# THE PROBLEM:
Begin at the line containing "Västra Backen ordlek" in the records below, end at the line containing "Brush the egg", and retype each line in that span exactly. No other line and no image should appear.

# LISTED ENTRIES:
▶

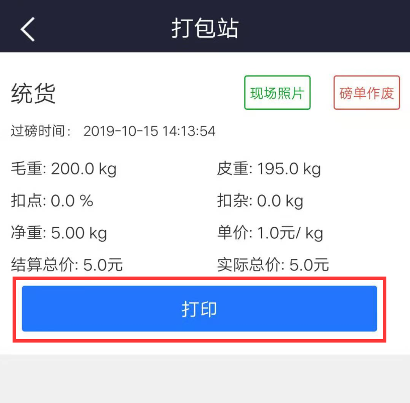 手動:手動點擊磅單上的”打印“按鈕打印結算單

◀
▶

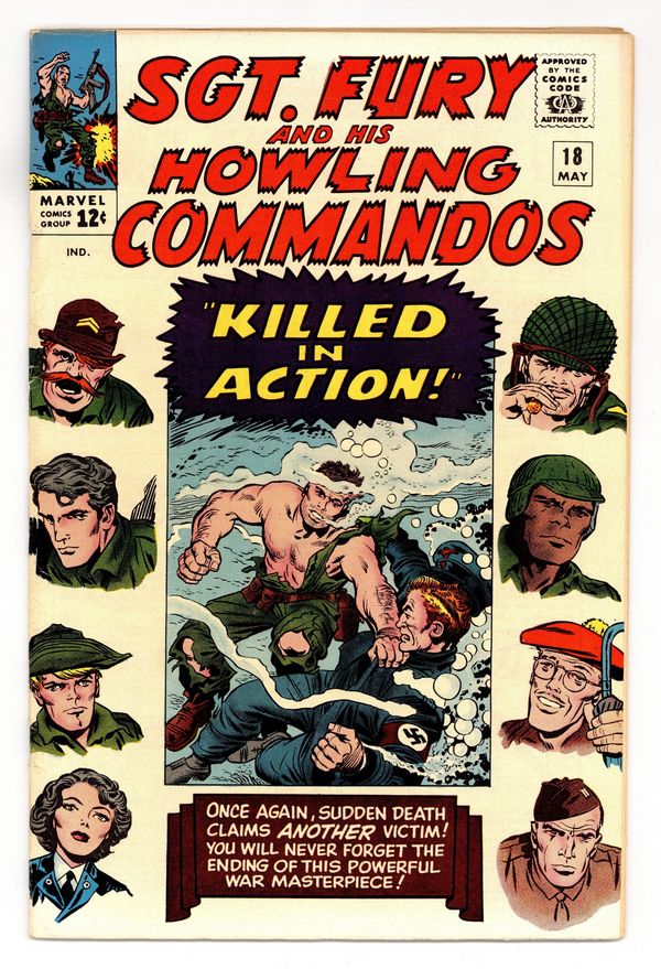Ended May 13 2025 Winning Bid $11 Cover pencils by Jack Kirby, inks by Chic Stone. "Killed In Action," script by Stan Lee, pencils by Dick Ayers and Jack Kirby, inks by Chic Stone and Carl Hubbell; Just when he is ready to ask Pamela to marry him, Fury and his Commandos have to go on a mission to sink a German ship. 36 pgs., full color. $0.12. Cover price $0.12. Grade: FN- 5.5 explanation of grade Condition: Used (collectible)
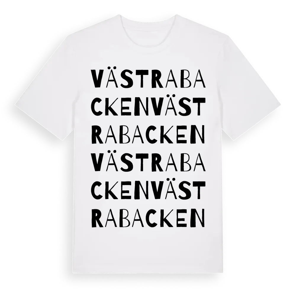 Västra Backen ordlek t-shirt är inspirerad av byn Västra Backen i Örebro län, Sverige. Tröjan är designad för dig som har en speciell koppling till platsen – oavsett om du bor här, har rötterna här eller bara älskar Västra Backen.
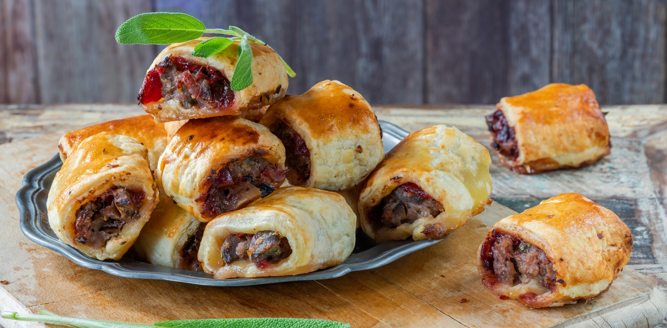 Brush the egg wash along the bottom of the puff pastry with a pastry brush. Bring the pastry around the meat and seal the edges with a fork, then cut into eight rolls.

◀
▶

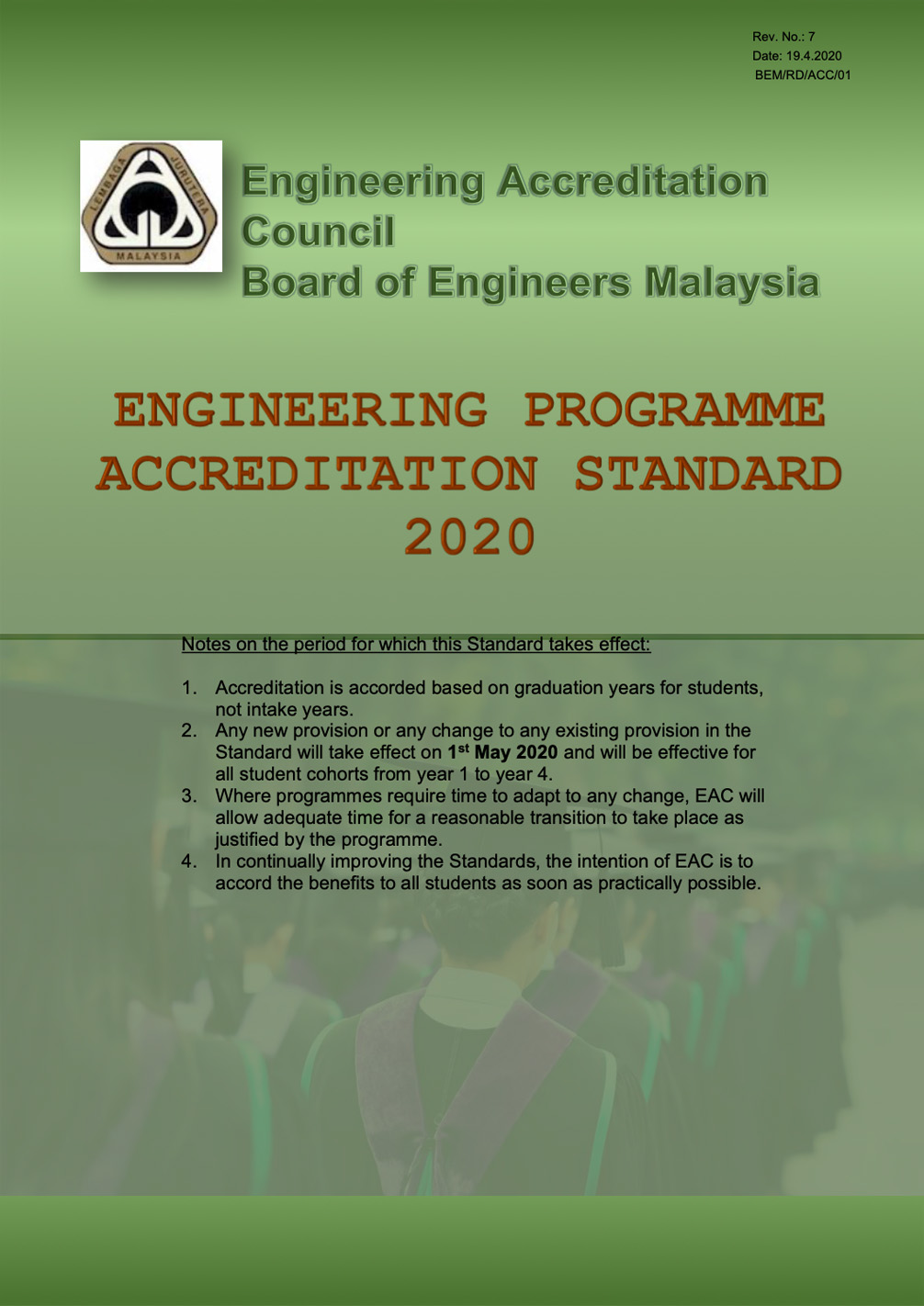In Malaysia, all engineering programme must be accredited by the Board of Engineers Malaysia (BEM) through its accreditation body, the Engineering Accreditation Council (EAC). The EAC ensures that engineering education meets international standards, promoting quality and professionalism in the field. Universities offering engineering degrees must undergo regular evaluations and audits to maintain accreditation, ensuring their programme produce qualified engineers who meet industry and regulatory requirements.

◀

# WRITTEN ANSWER:
 Västra Backen ordlek t-shirt är inspirerad av byn Västra Backen i Örebro län, Sverige. Tröjan är designad för dig som har en speciell koppling till platsen – oavsett om du bor här, har rötterna här eller bara älskar Västra Backen.
 Brush the egg wash along the bottom of the puff pastry with a pastry brush. Bring the pastry around the meat and seal the edges with a fork, then cut into eight rolls.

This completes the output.